= Pollinkhove =

Village in Belgium

Pollinkhove is a village in Lo-Reninge, in the Belgian province of West Flanders.

==Geography==
Pollinkhove is situated near the confluence of the Lovaart and Yser rivers. This strategic location has historically made it an important area for water management and transport, with the village's geography closely linked to the water systems, particularly the windlass system at Fintele, which connected the Lovaart and Yser rivers. This system, which dates back to the 13th century, facilitated the movement of boats across the dam between the two rivers. The continued significance of the region's waterways is also reflected in the 1827 construction of the lock complex at Fintele, which helped regulate river traffic. The centre of Pollinkhove borders the Izenberge Plateau and is bound by the Lo Canal and the Yser River.

==Demographics==
As of 2024, Pollinkhove had an estimated population of 639 residents, spread across an area of 13.98 square kilometers.
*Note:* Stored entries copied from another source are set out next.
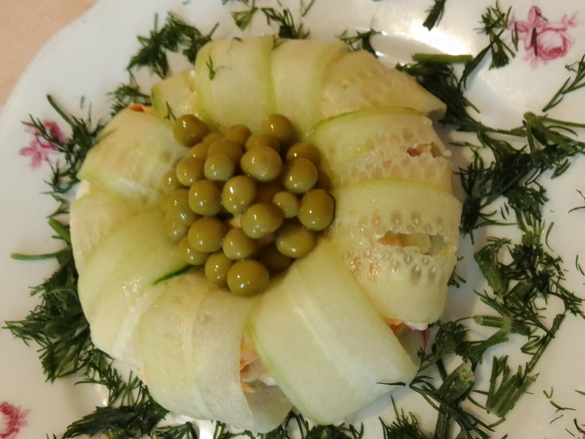 Итак, сегодня я Вам расскажу один рецепт салата, и способ его необычного оформления из свежего огурца. Для приготовления нам понадобится 1. Отварной картофель - 4 шт. 2. Яйцо- 4 шт. 3. Морковка по корейски- 100 гр. 4. Свежий огурец- 2 шт. 5. Маринованный лук - 1 шт. (Среднего размера) 6. Майонез- по вкусу 7. Отварная курица-200 гр. 8. Зелёный горошек- 4 ст. ложки 9. Маринованный лук 10. Укроп (для украшения) Способ приготовления Отварить картофель, яйца, курицу. Лук замариновать (мелко порезать, положить 1 ч. ложки соли, 2 ч. ложки сахара, 1 ч. ложку уксусной эссенции 70 %, залить 200 гр. кипятка оставить на 15-20 мин. для того, чтобы лук замариновался) Картофель, яйца, курицу, 1 огурец порезать мелкими кубиками и смешать со всеми ингредиентами. Затем заправить салат майонез. Овощечисткой порезать вдоль второй огурец, салат выложить по кругу блюда в середину положить салат сформировав из него кольцо. Каждую пластинку порезанного огурца аккуратно заправить в середину кольца. Для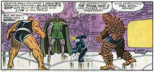 There’s a big fight, in which Blaastar blows the heroes out into space, bombarding Johnny with meteors. Just when it looks like all hope is lost, Dr. Doom flies up and defeats Blastaar by cutting off his oxygen. Doom and the FF hijack Blastaar’s ship, agreeing that they must work together to find the Beyonders.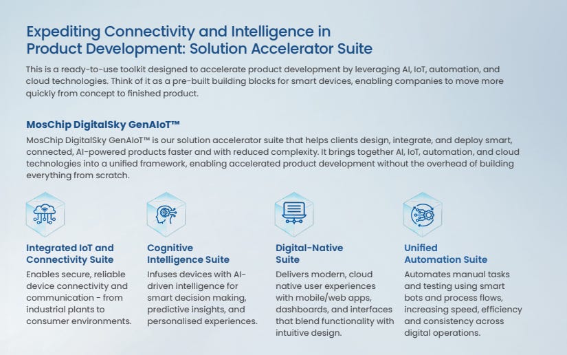 Digital Sky GenAIoT — MosChip is also working on a solution suite, that helps clients design, integrate, and deploy smart AI powered products faster and with reduced complexity. It brings together AI, IoT, Automation and Cloud technologies — enabling accelerated product development.

This gives the village a population density of approximately 45.71 people per square kilometer. Over the preceding years, the village experienced a slight population decline, with an annual change of -1.0% from 2021 to 2024.

==History==
The oldest record of Pollinkhove is from 1112, referring to the "Lords of Pollinc" who lived in a homestead with the same name. Later, the Count of Flanders named them liege lords and they received the right to lift tolls and taxes which made them rich and gave them prestige.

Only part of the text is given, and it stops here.